All of this is aided by an electoral system
which will produce politics without absolute majorities.
The Scottish Parliament's electoral system involves 129
members with 73 elected by FPTP (72 Westminster seats with
Orkney and Shetland divided into two) and 56 Additional
Member Seats (AMS) which act as a regional top-up in each
area.
This electoral system will overnight transform
Scottish politics with Labour's one party hold over Scotland
being abolished based as it has been more on the distortions
of the FPTP system than Scottish Labour's electoral strength;
in 1997 Labour won 46% of the vote yet took 78% of the seats.
Politics will then come down to two defining
alternatives as government coalitions: Labour and Liberal
Democrats vs. SNP and Liberal Democrats. The arithmetic
of any Parliament may aid the former coalition, while the
Lib Dems have said they are unwilling to form an administration
with the SNP at the moment as long as they wish to have
a referendum on Scotland being independent.
In the long-term people will have a choice
about who they want to run Scotland's Government with different
options on offer other than Labour. At some point, some
combination of the non-Labour majority will coalesce and
form an administration; this will be helped by the inevitable
return of the Scots Tories at some point from the political
ghetto they have been put in as a price for Thatcherism.
Scottish politics will be utterly changed
by the processes unleashed in the Scottish Parliament elections.

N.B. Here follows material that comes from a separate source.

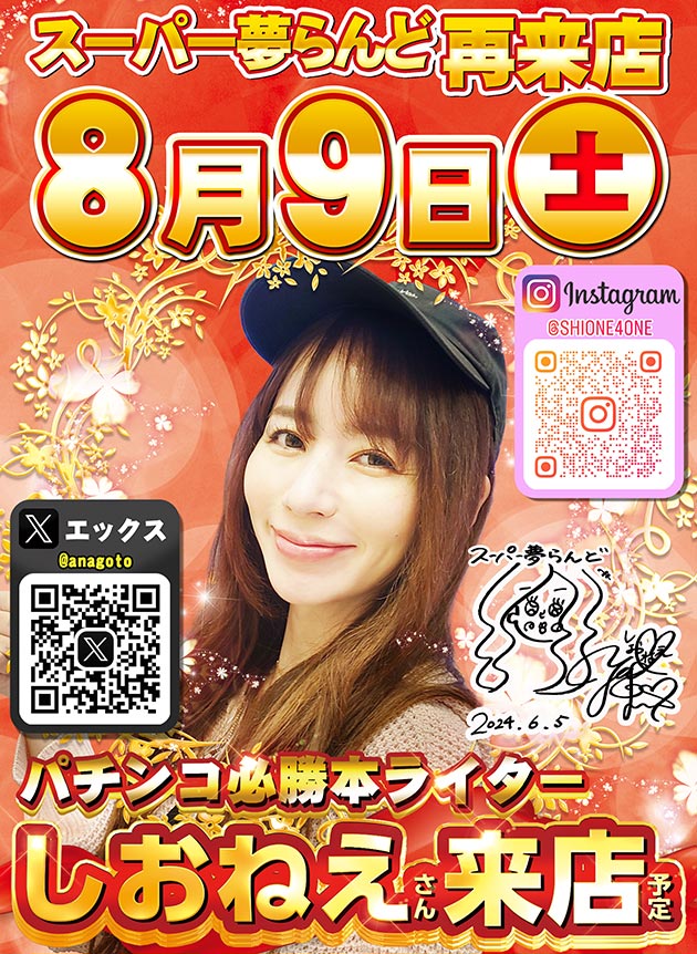 8/9(土)最新台導入済み!『しおねえ』さん実戦来店予定!
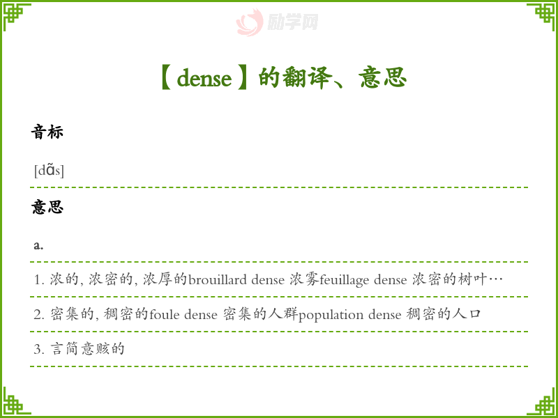dense法语的中文翻译、意思

Labour's one party hegemony across Scotland will be ended
at a national level, while the party will have to think
anew about fighting its first real competitive elections
in forty years. The SNP, on the other hand, will have to
abandon the politics of protest, oppositionalism and opportunism
which it has been so good at over the years and develop
into a serious political party looking for power. There
is ever sign that Alex Salmond, SNP leader, is prepared
to take the tough decisions to develop the SNP, but he will
meet bitter resistance in parts of the party, particularly
from its fundamentalist wing.
The new politics of the new electoral system
will transform Labour's one party fiefdoms in the West of
Scotland: Glasgow and its surrounding areas where opposition
parties win no to little representation. In the 1997 election
Labour in Glasgow won 10 out the 10 seats on 60% of the
vote. Under the new system, the SNP, Tories, Lib Dems and
even ultra-left Scottish Socialist Party would all stand
a chance of winning representation in Glasgow and thus,
reflecting the city's diversity more. What this will mean
is that across swathes of West and Central Scotland, significant
numbers of SNP and Tory MSPs will be elected and this will
change the nature of politics in these areas and the parties
themselves for the better. The SNP, until now, has been
positioning itself as a party competing for the same vote
as Labour but doing spectacularly badly about winning seats
in Labour areas. All six of the SNP's Westminster seats
are rural, ex-Tory seats out with the Central Belt, whereas
the new electoral system will emphasise the urban, centre-left
appeal of the SNP by themwinning seats in areas like Glasgow
and the West of Scotland.
What will be the consequences of this political
movement? In the short term, politics may actually get more
acrimonious, nasty and bitter with Labour and SNP fighting
out a war of attrition for the same voters. Old Labour politicians
will be incensed at the prospects of the SNP winning a number
of seats in what are still seen as Labour heartlands, while
the SNP will be heartened that its strategy of defeating
Labour is beginning to show fruition. However, in the long
run, a politics that abolishes no go areas for political
parties and ends the old one party must be good for the
quality of politics.
The Scottish Parliament will also change the
political parties culturally and organisationally. In terms
of cultural politics, all the parties will now be forced
to emphasis their Scottish credentials and out do each other
to see who can best lay claim to be 'Scotland's party' (SNP),
'Scotland's oldest political party' (Tories), or offering
policies 'Made in Scotland' (Tories again). This is a politics
of positioning, but does have to connect to parties developing
a genuine Scottish agenda.
In terms of party organisation, the parties
all need to develop their policy, research and administrative
work to make it more Scottish-based and autonomous. The
easiest area to devolve should be party administrative functions
with party selection of candidates developed in a Scottish
context; Scottish Labour, showed some of the potential pitfalls
in candidate selection with fears of London intervention
in the selection for candidate panel, concerns over a Blairite
purge, and then when the regional list was being made up
charges of cronyism due to lack of one member, one vote.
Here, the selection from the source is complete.